**What you are asked to do**
All of the data must be output exactly, with every picture left out.

>>>

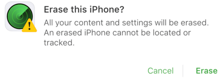 ه) اخطاری را مشاهده خواهید کرد که با تایید آن، اطلاعات روی آیفون شما پاک میشود. اگر با این کار موافق هستید، روی گزینه Erase کلیک کنید. به همین راحتی، آیفون شما بدون پسورد و اطلاعات قبلی در اختیار شما قرار گرفت.
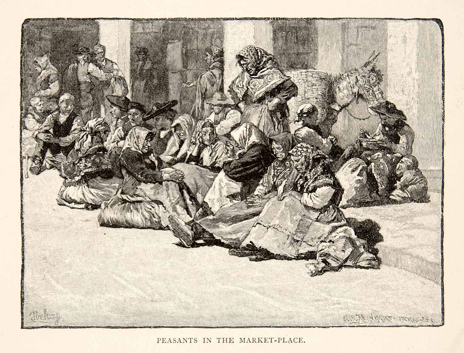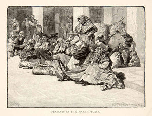 1883 Wood Engraving Spain Peasants Marketplace Art Donkey Poverty Costume XGXB1
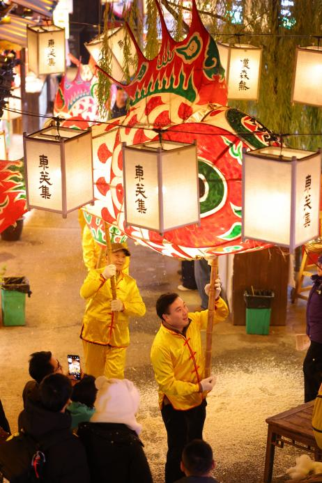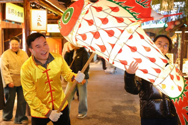 活動現(xiàn)場,三十余盞手工制作的巨型魚燈璀璨生輝。巡游隊伍身著傳統(tǒng)服飾,手持“年年有魚,國泰民安”主題的彩色魚燈,在鑼鼓聲中沿古街徐徐前行,吸引眾多游客駐足觀賞。“這魚燈巡游的‘嬉魚’老傳統(tǒng),聽我祖輩說已有六百多年歷史。今年能從臘月一直熱鬧到過年,真是太好了!”原住民王老太望著巡游隊伍,欣慰地說道。
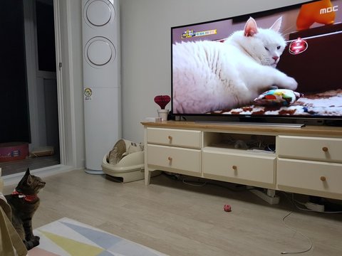치카는 티비에 빠져서, 티비를 너무 좋아하게 되어버렸다옹.
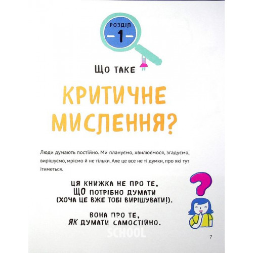 Думай сам: розвиваємо критичне мислення., Андреа Деббінк 978-966-982-375-5 Зупинися на мить і дай собі відповідь: чиї думки нині у твоїй голові? Щодня тебе атакує величезний обсяг інформації: дописи блогерів у соцмережах, повідомлення в новинах, випадкові чутки. І все це справляє неабиякий вплив на поведінку, настрій і навіть ставлення до світу.Ця книжка допомагає у виробленні й тренуванні навичок критичного мислення. Вона спонукає запитувати, пізнавати, досліджувати, а не просто брати будь-що на віру. Для досягнення мети потрібно тільки трохи повправлятися з новими «обладунками». А тренування: корисну інформацію, тести для самопізнання, вправи на виявлення обману та цитати для натхнення — знайдеш просто тут.
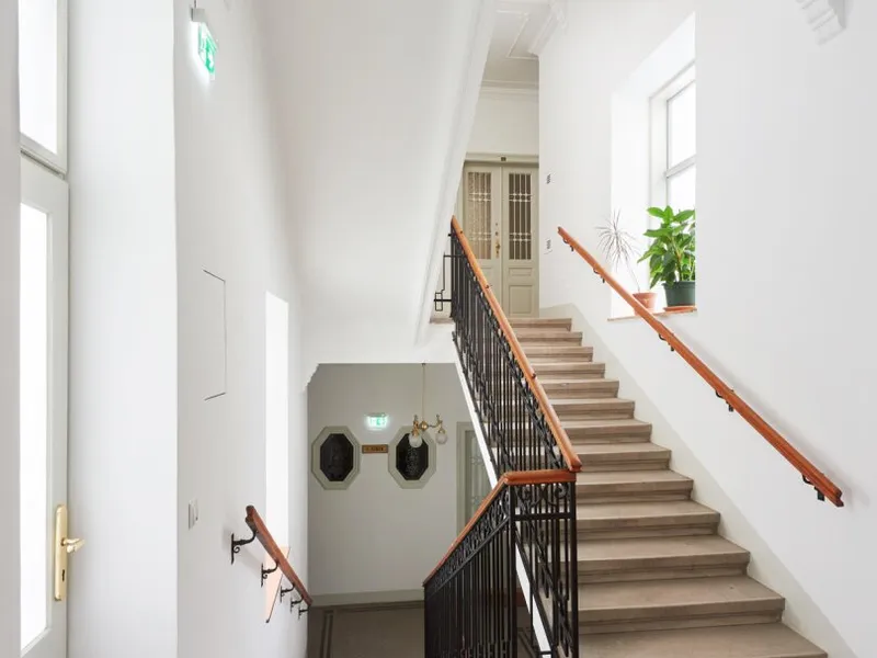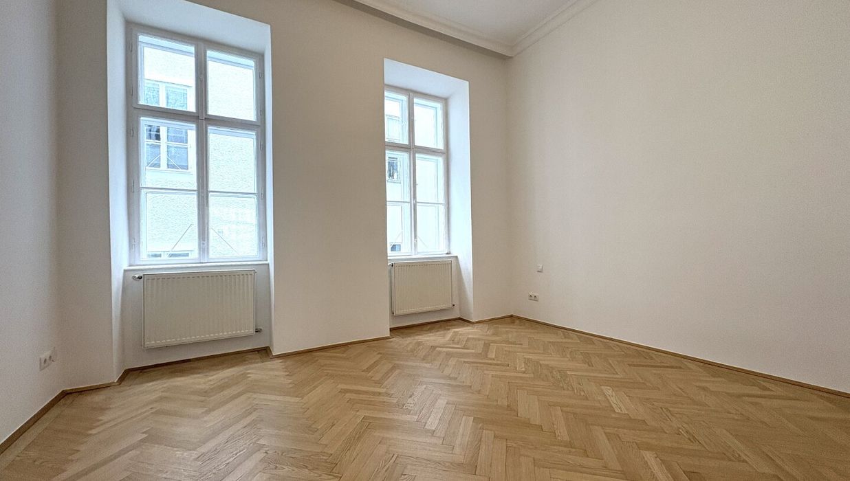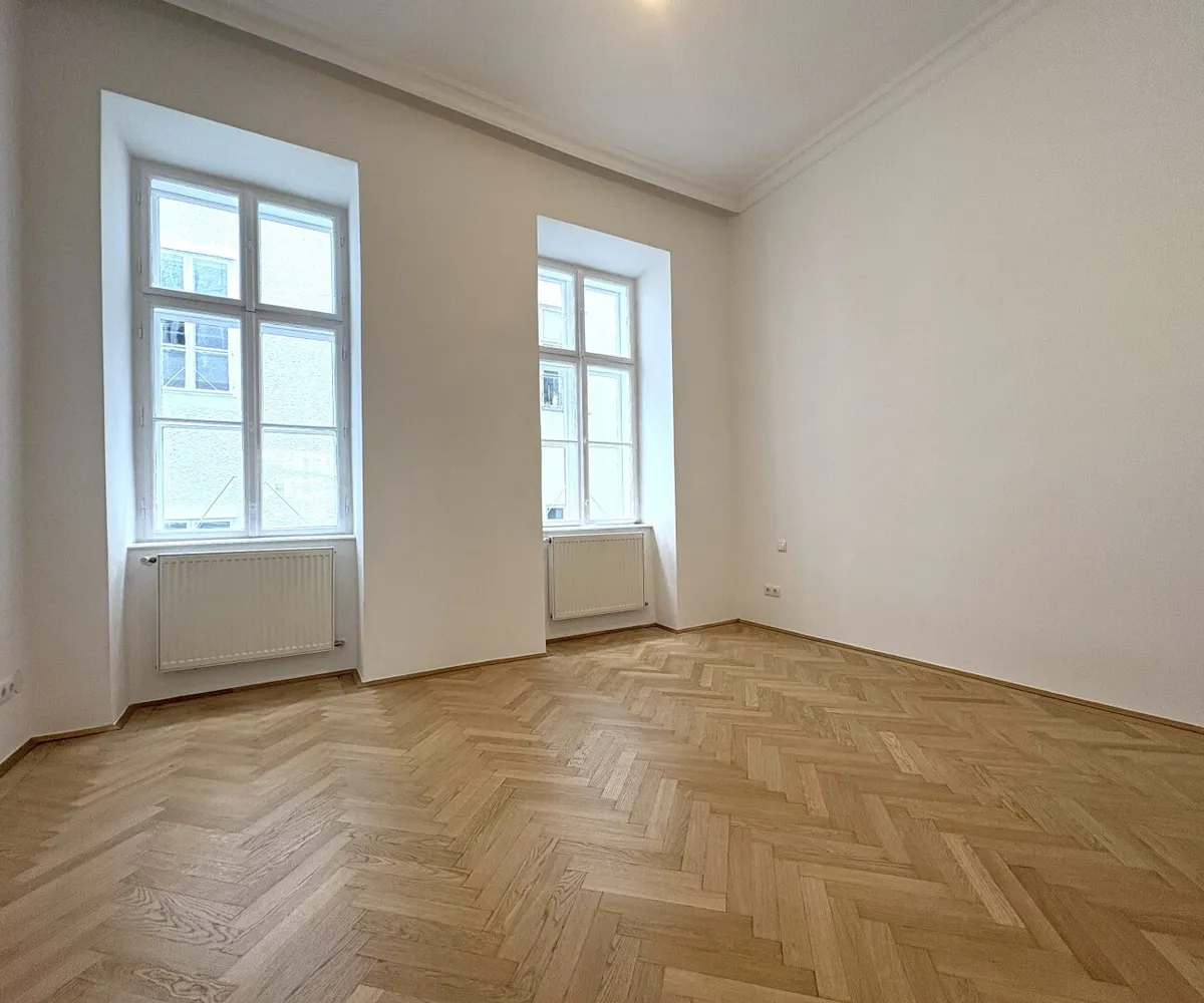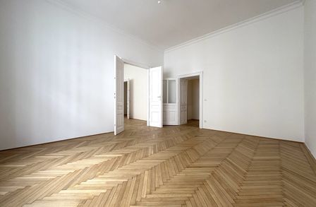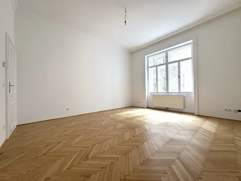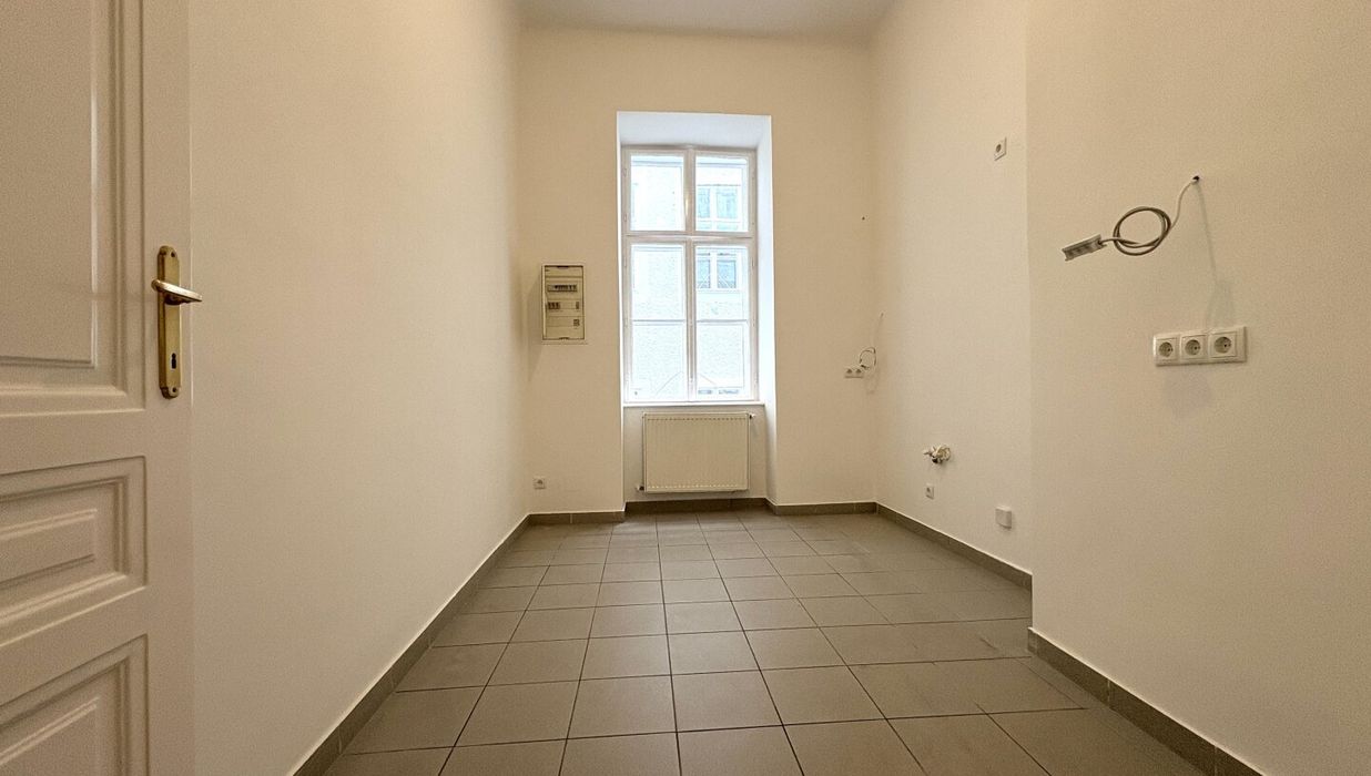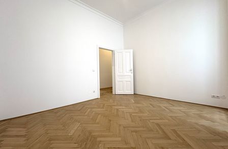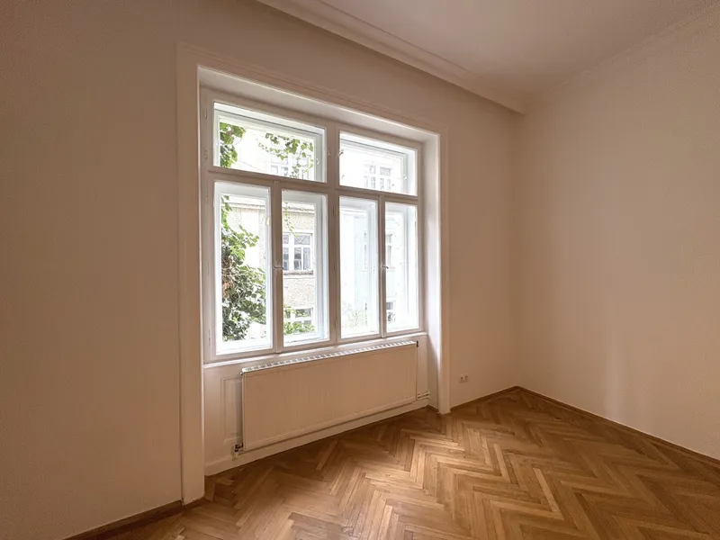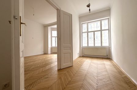 Die Wohnung liegt im Mezzanin, leicht erhöht und damit abgeschirmt vom direkten Straßenleben. Die Kombination aus Straßen- und Innenhofausrichtung sorgt für Helligkeit und Ruhe zugleich. Der klassische Grundriss bietet eine hervorragende Basis für individuelle Gestaltung – ob zeitlos elegant oder modern interpretiert.

<<<

**Response**
 ه) اخطاری را مشاهده خواهید کرد که با تایید آن، اطلاعات روی آیفون شما پاک میشود. اگر با این کار موافق هستید، روی گزینه Erase کلیک کنید. به همین راحتی، آیفون شما بدون پسورد و اطلاعات قبلی در اختیار شما قرار گرفت.
 1883 Wood Engraving Spain Peasants Marketplace Art Donkey Poverty Costume XGXB1
 活動現(xiàn)場,三十余盞手工制作的巨型魚燈璀璨生輝。巡游隊伍身著傳統(tǒng)服飾,手持“年年有魚,國泰民安”主題的彩色魚燈,在鑼鼓聲中沿古街徐徐前行,吸引眾多游客駐足觀賞。“這魚燈巡游的‘嬉魚’老傳統(tǒng),聽我祖輩說已有六百多年歷史。今年能從臘月一直熱鬧到過年,真是太好了!”原住民王老太望著巡游隊伍,欣慰地說道。
치카는 티비에 빠져서, 티비를 너무 좋아하게 되어버렸다옹.
 Думай сам: розвиваємо критичне мислення., Андреа Деббінк 978-966-982-375-5 Зупинися на мить і дай собі відповідь: чиї думки нині у твоїй голові? Щодня тебе атакує величезний обсяг інформації: дописи блогерів у соцмережах, повідомлення в новинах, випадкові чутки. І все це справляє неабиякий вплив на поведінку, настрій і навіть ставлення до світу.Ця книжка допомагає у виробленні й тренуванні навичок критичного мислення. Вона спонукає запитувати, пізнавати, досліджувати, а не просто брати будь-що на віру. Для досягнення мети потрібно тільки трохи повправлятися з новими «обладунками». А тренування: корисну інформацію, тести для самопізнання, вправи на виявлення обману та цитати для натхнення — знайдеш просто тут.
 Die Wohnung liegt im Mezzanin, leicht erhöht und damit abgeschirmt vom direkten Straßenleben. Die Kombination aus Straßen- und Innenhofausrichtung sorgt für Helligkeit und Ruhe zugleich. Der klassische Grundriss bietet eine hervorragende Basis für individuelle Gestaltung – ob zeitlos elegant oder modern interpretiert.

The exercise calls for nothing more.